Department of Psychology, Syracuse University, 430 Huntington Hall, Syracuse, NY 13244, United States of America.
Department of Cognitive, Linguistic, and Psychological Sciences, Brown University, 190 Thayer St., Providence, RI 02912, United States of America.
Cognition. 2023 Oct;239:105551. doi: 10.1016/j.cognition.2023.105551. Epub 2023 Jul 19.
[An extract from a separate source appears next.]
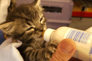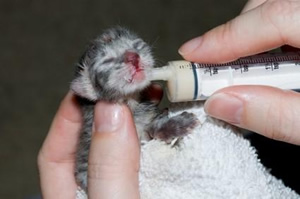 Durante los primeros días podemos suministrar el alimento al gatito mediante una jeringuilla o un biberón con una tetina muy pequeña para más adelante seguir con un biberón con tetina normal. La leche ya hemos comentado que sólo debe ser la indicada para gatos y debe tener una temperatura de 38ºC. Las tomas deberemos realizarlas cada dos horas aproximadamente durante los primeros días y cada 4 cuando el animal haya ganado un poco de peso. Este punto es muy importante para que el animal pueda sobrevivir y no muera de inanición por lo que vale mucho la pena dejarse aconsejar por un veterinario.

Mechanisms play a central role in how we think about causality, yet not all causal explanations describe mechanisms. Across five experiments, we find that people evaluate explanations differently depending on whether or not they include mechanisms. Despite common wisdom suggesting that explanations ought to be simple in the sense of appealing to as few causes as necessary to explain an effect, the literature is divided over whether people adhere to this principle. Our findings suggest that the presence of causal mechanisms in an explanation is one factor that reduces adherence. While competing explanations are often judged based on their probability of being correct, mechanisms afford a different way of evaluating explanations: They describe the underlying nature of causal relations. Complex explanations (appealing to multiple causes) contain more causal relations and thus allow for more mechanistic information, providing a fuller account of the causal network and promoting a greater sense of understanding.
机制在我们思考因果关系时起着核心作用,但并非所有因果解释都描述了机制。在五项实验中,我们发现人们根据解释是否包含机制来对其进行不同的评估。尽管常识表明,解释应该尽可能简单,即只需要用到能够解释效应的最少原因,但文献对于人们是否遵守这一原则存在分歧。我们的研究结果表明,解释中存在因果机制是降低遵守程度的一个因素。虽然竞争解释通常基于其正确的可能性进行判断,但机制提供了一种不同的解释评估方式:它们描述了因果关系的本质。复杂的解释(涉及多个原因)包含更多的因果关系,因此可以提供更多的机制信息,更全面地描述因果网络,并增强理解感。